この植物は英名でChain-of-love(愛の鎖)と呼ばれている。ピンク色の小さくて可憐な花をたくさん着けた姿は、その名にふさわしい雰囲気を感じさせる。筆者は長い間、この植物を「愛の鎖」として憶えていた。この名の方が植物のもつ雰囲気にふさわしく思えたからだ。そして、どうかすると正式な和名を思い出せないことがあったりする。
“Chain-of-love”の”Love”は、淡紅色の小さな花がハート形をしていることに由来すると、いわれている。すなわち、ハートとハートが繋がれた蔓(鎖)から”Chain-of-love”の名前が生まれたのだと思う。

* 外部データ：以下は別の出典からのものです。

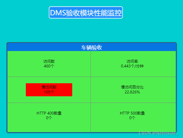 对验收模块功能监控:车辆验收出现慢访问105个。

英名でその他”Confederate vine”(同盟の絆)”Coral vine”(サンゴ藤)”Mexican creeper”(メキシコの蔓)、”Mountain rose”(山のバラ)”Pink vine”(ピンクの蔓)”Queen’s-jewels”(女王の宝石)”Queen’s-wreath”(女王の花冠)などと呼ばれている。また中国名で、「珊瑚藤」と呼ばれている。この植物につけられたこれらの名前からだけでも、この植物が長く伸びた茎に可愛いピンクの小花をたくさん着けた時の美しい姿をイメージすることができるのではないかと思う。

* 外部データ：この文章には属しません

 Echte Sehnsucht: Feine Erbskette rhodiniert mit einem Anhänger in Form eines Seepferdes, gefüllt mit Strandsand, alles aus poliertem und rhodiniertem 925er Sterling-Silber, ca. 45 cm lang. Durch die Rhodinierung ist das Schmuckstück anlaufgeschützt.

アサヒカズラ」は、メキシコ原産のつる性の半低木である。地下に塊根をつけて越冬する。茎は細くかたい。茎には稜角があり、四陵形になっている。茎は回旋せず、ややジグザグ状にのび、原産地では10~15mにも伸長する。茎の先端部の葉腋から花茎をのばし、5~15個の花を総状花序につける。花の直径は10~15mmで、花弁はなく、5枚の萼片が淡紅色に着色して花弁状になっている。花期は、夏から秋までであるが、熱帯域では、一年中開花している。よく結実し、先のとがった硬い種子をつける。
原産地では繁殖力が旺盛な美しいつる植物として人気が高く、広く栽培されている。フェンスや、テラスなどに這わせたり、生垣などによく利用される。また、白花をつける品種(cv.Alvum)もある。
地下部は、多肉状に肥大し、5kg以上になることもある。この塊根はナッツ様の風味があり、食用にされる。
また花序も調理して食べたり、サラダなどに添えられる。花の中に含まれている蜜は、ラテンアメリカの人たちが利用する蜂蜜(Dark honey)の主要な蜜源になっている。